I'm off to watch the close.
Cheers!
Nick
carl:
that's were contrarian play comes in...it is a little sneaky...it is to assure longs that market is strong..and bam it goes down...
andi, interesting read about market manipulation:
http://www.zerohedge.com/article/guest-post-spy-getting-jump-key-levels-quant-algo
This is what I wrote in response to a posting of your magazine covers on a market group. I hope you consider it fair.
Carl Futia is always bullish.(over 90% of the time) He was bullish at the top in 2007, He was bullish all the way down in 2008. (You can check days at random in his previous posts)
Even if the market dropped 1000 points, he will still say it is going to 1200. He reminds me of the man in Monty Pythons Holy Grail where after having all his limbs and head cut off, he still shouts 'going to get you'
However on a very short term basis he has good calls as long as you dont mind trading long only all the time. He cuts looses fast, has good interday ranges and his other forecasts are often reasonably accurate. Ironically he seems better on some of the markets he doesnt trade when forecasting.

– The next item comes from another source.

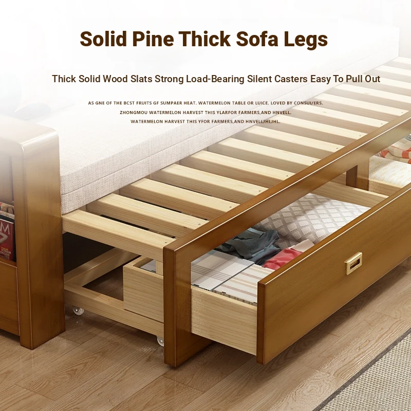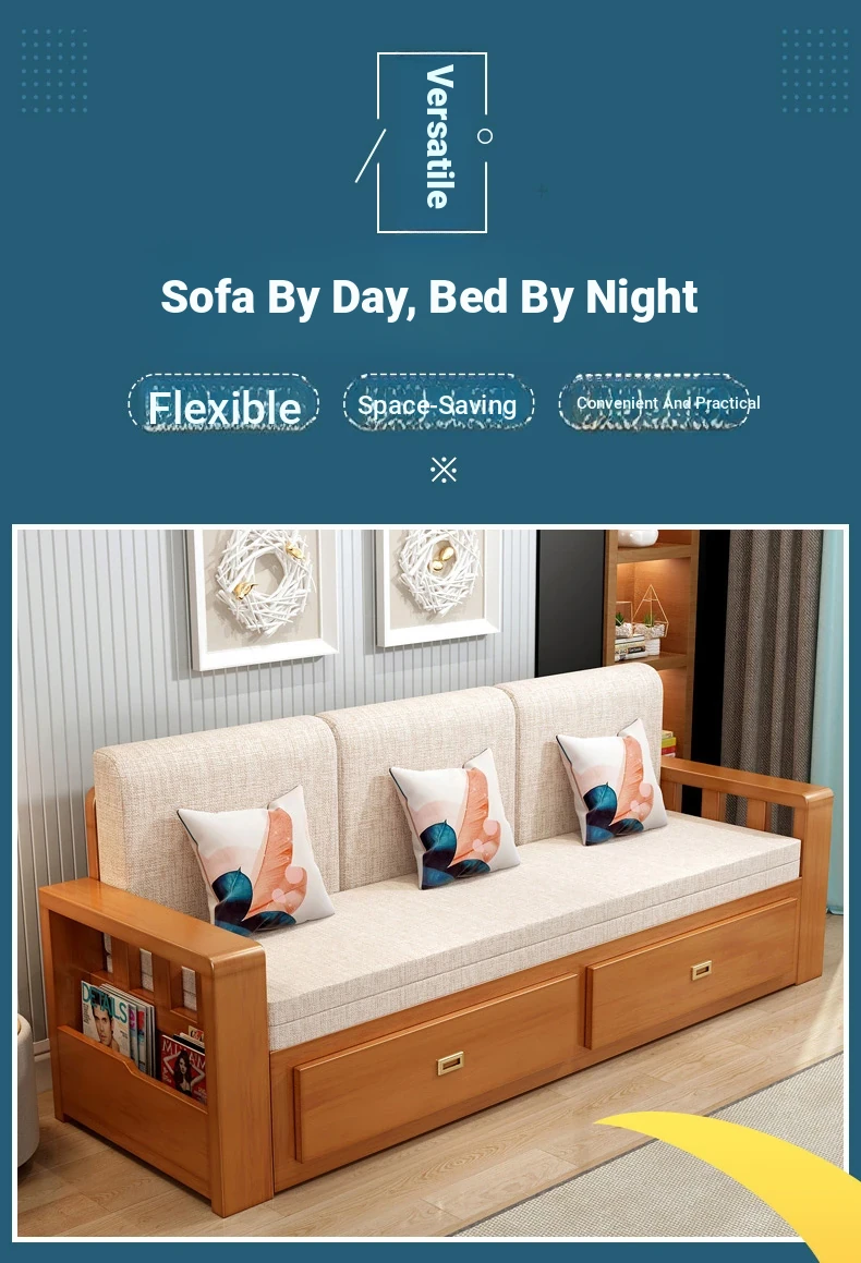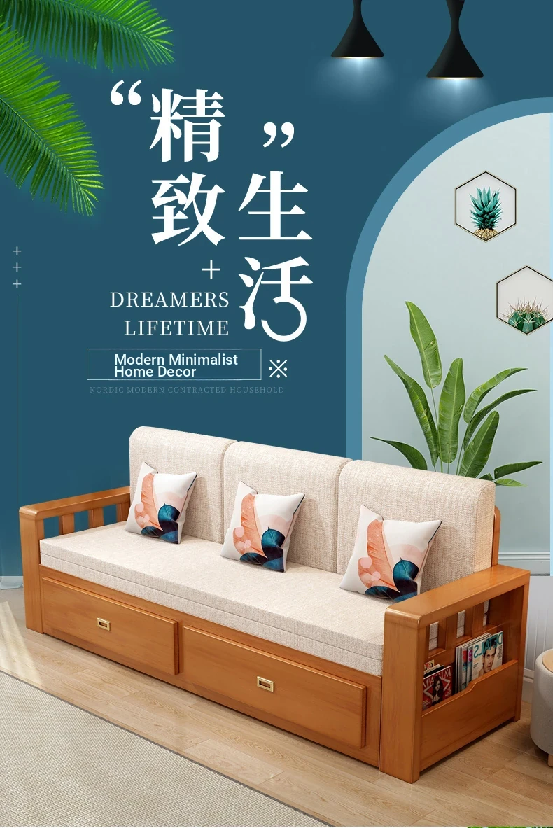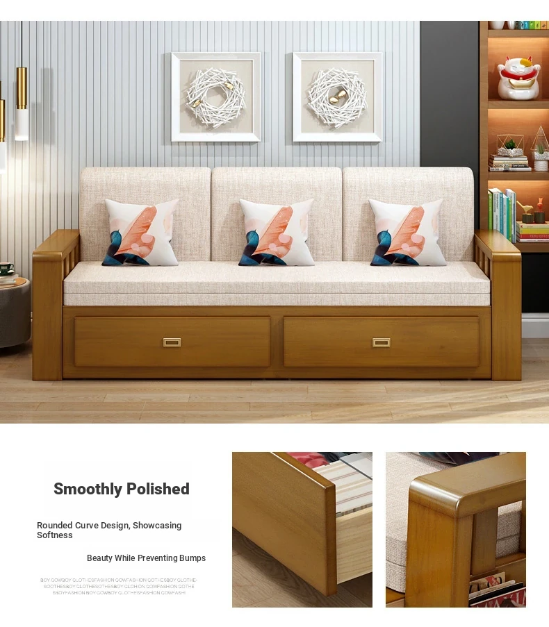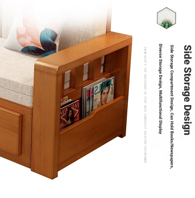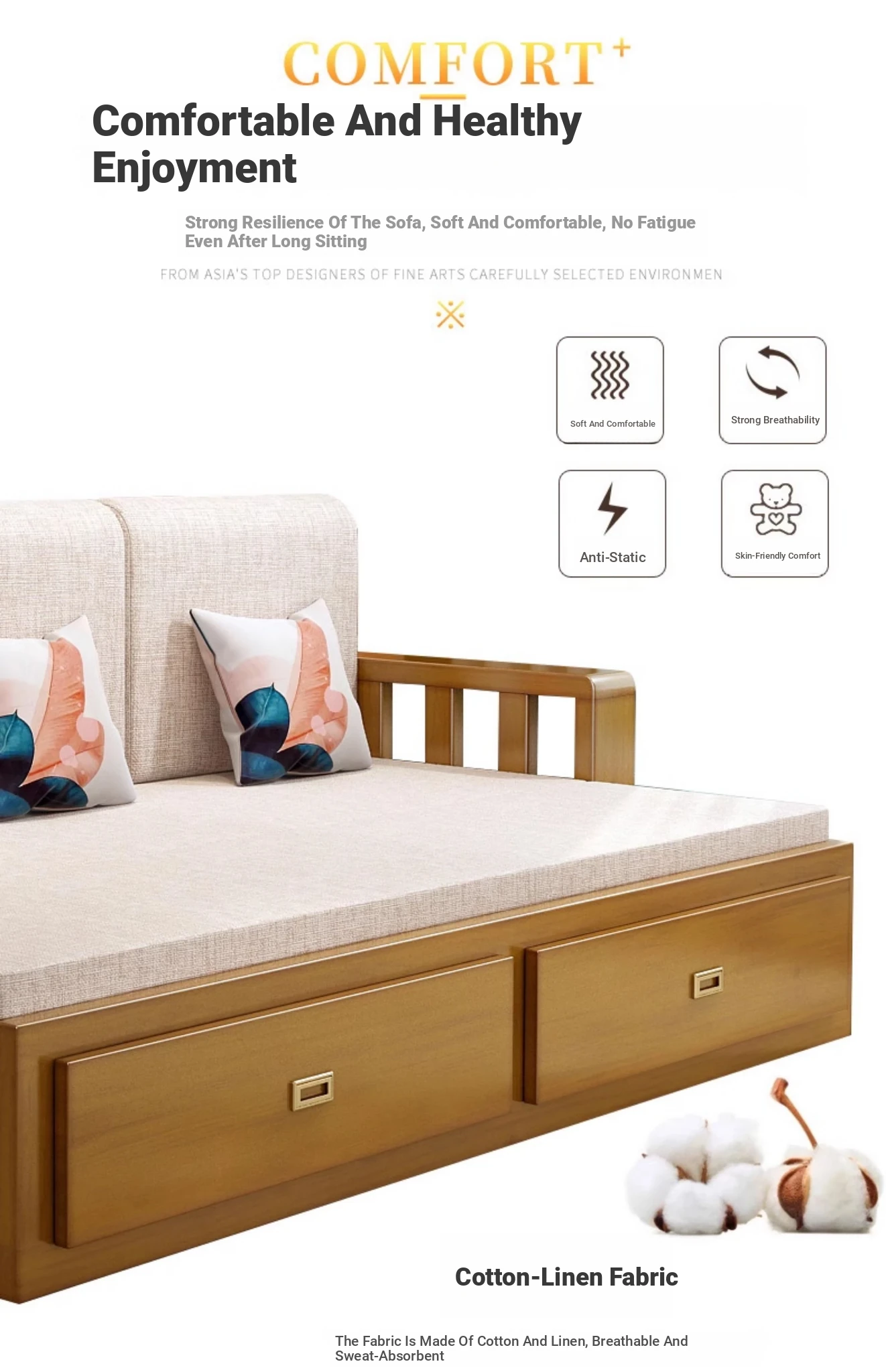【Free Shipping to Hong Kong】New Chinese Style Sofa Bed with Storage - Foldable, Expandable, and Versatile Fabric and Solid Wood Design for Small Spaces

No,Catherine, I don't think it is fair. The Monty Python remark is particularly contemptible.
Let me rewrite the first part of your missive in a more balanced way.
"Carl Futia is always bullish. He started his blog in April of 2005, about 58 months ago. The 2007-09 bear market lasted 17 months, so on this very rough basis he has been right about the market's direction 71% of the time. You decide for yourself whether his clear bullish bias makes sense for you.
"That being said, he started posting his trades on his blog at the bull market top in October 2007. The vast majority of them were on the long side. His posted trades in 2008, a big down year for the market, showed a return of 86%. Doing so well while trading against the direction of the major trend shows quite a bit of skill. He followed up this performance by posting a return of 89% in 2009."